Let’s take a step-by-step look at what the data structure should contain, starting at 0

Give an example structure first, then read the explanation below will be much clearer

{" op ", "u", / / a update operation "ts" : 1465491461815, / / operation time "offset" : "123456", / / operation displacement "before" : {/ / update the previous value "_id" : 12345, 12345 "uid" : "name" : "tapdata",, "after" : {} / / after updating the value of the "_id" : 12345, "uid" : 12345, "name" : "tap", "Nick" : "DFS,"}, "patch" : {/ / updates the contents of the "$set" : {" name ":" tap ", "Nick" : "DFS,"}}, "key" : {/ / record the unique identification condition, if not, can I do for {} "_id" : }, "source": {// Data source attributes "connector": "mongodb", "name": "fulfillment", "snapshot": true, "db": "system", "table": "user", } }Copy the code

Copy the code

The value of fresh

The most obvious things to include, for writes, are the values written, for updates, the values after updates, and for deletions, expressed with {}

The key of the value here is denoted by after

The value of the old

For master-slave synchronization of a database, stale values are not important for data consistency purposes, but for streaming computations, the pre-change values are indispensable because incremental real-time computations are required

For example, consider us for a copy of the data of a field for a sum operation, based on the design of the flow calculation, the sum is necessarily can incremental calculation, rather than each update stock data of all do a calculation, we only need each field will change the value of the additive, can get complete real-time results, And the values that change in the process, you have to subtract the old values from the new ones

And we’re going to use before here

Operation type

Flags corresponding to write/update/delete

In a sense, this notation is not necessary, we can get it from the first two values a and B, a and b are written, a and B are updated, and a and B are deleted, but storing a copy redundant makes the data very clear to the senses

Fields of operation type are represented by op

Operating content

Is used to describe what changes have been made in this operation.
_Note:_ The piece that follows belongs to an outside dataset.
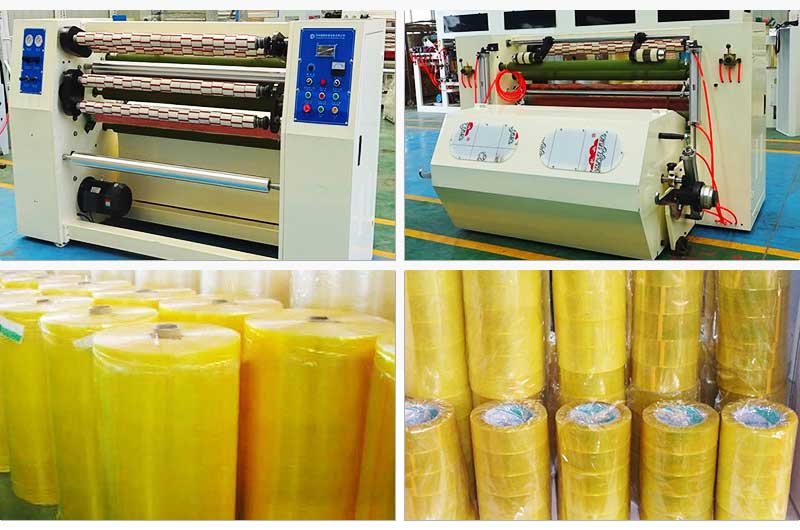 適用于BOPP膠帶成品透明之分條,制作各種規格的成品膠帶,從涂有膠水的大卷,連同其他三臺機器,紙管切割機,紙管 裝載機和復卷機制作一個完整的線。

It is more used for update operations, which can reduce some additional burden in some scenarios, such as real-time data synchronization

This value can be obtained by the difference between the old and new values, and recorded separately to improve the readability of the record itself

The field of operation content is represented by patch

The only tag

It is used to describe which record the operation corresponds to and can be used to accurately identify the data

In most cases, the token here is the primary key, and in the absence of a primary key, it can be replaced with a unique index. If neither is available, the token needs to degenerate to all stale values

Unique tags are represented by keys

structure

Description of the current data schema

There are two common approaches to structure. One is to put structure and data together. The advantage of this is that everything is self-parsed and there is no need to store extra structure. Storing each data with a structure is a waste of resources

Another design is to design a separate event to notify the structure and the change of the structure. Such a design saves resources, but in the process of real-time data processing, the framework needs to ensure that each piece of data needs to correspond to the structure of the data itself, which brings extra workload

Here, TAPDATA is still selected from the scene, and the structure changes are stored separately as DDL events and not displayed in the data stream. The structure of the structure is completely consistent with the structure of the data, except for the description of fields in the content of KV

Use type, DDL, or DML to indicate whether it is a data description or a structure description

time

As time is a very intuitive attribute for people, it is very convenient in scenarios such as rollback consumption and positioning data points. We use TS to represent the time of operation, and the general accuracy is at ms level

The displacement

Similar to time, the serial number of the operation is recorded. The advantage of time is that it can be read by people, but the disadvantage is that it is not precise. Generally, the accuracy of time is at ms level, and many events can occur in each ms. A defined data source, and a defined displacement, can represent a defined data flow

source

Used to describe the data belongs to the data source of information, type, name, library/table, took place in full amount phase, or incremental stage (I’ll explain why later need such a distinction), as a data source object, we sometimes need to pass through a data, to get more space, add a property to distinguish here, It is also beneficial for subsequent data processing

The source field is used here, and the general attributes are as follows:

"source": {      "connector": "mongodb",     "name": "fulfillment",     "ts": 1558965508000,     "snapshot": false,     "db": "inventory",     "table": "customers", }  
Copy the code

Copy the code

Implementation problems

The structure of real-time data can be better designed, but there are all kinds of problems in implementing it. I’ve talked about some of them before, and I’ll summarize them in more detail here

The lack of value

Grouping the structure by operations, for the requirements of a complete stream computing framework, write operations should contain after values, update operations should contain before/after values, and delete operations should contain before values

But as a result of the database log design is for synchronization, only need to make sure that the existing application log, target data can achieve consistent state can, does not necessarily include all the fields, and after flow calculation, complete data will not be retained, this will cause the engine itself unable to get the complete data flow

Taking MongoDB as an example, debezium, a well-known CDC framework, explains it this way:

In MongoDB’s oplog, update events do not contain the before or after states of the changed document. Consequently, it is not possible for a Debezium connector to provide this information. However, a Debezium connector provides a document’s starting state in create and read events. Downstream consumers of the stream can reconstruct document state by keeping the latest state for each document and comparing the state in a new event with the saved state. Debezium connector’s are not able to keep this state.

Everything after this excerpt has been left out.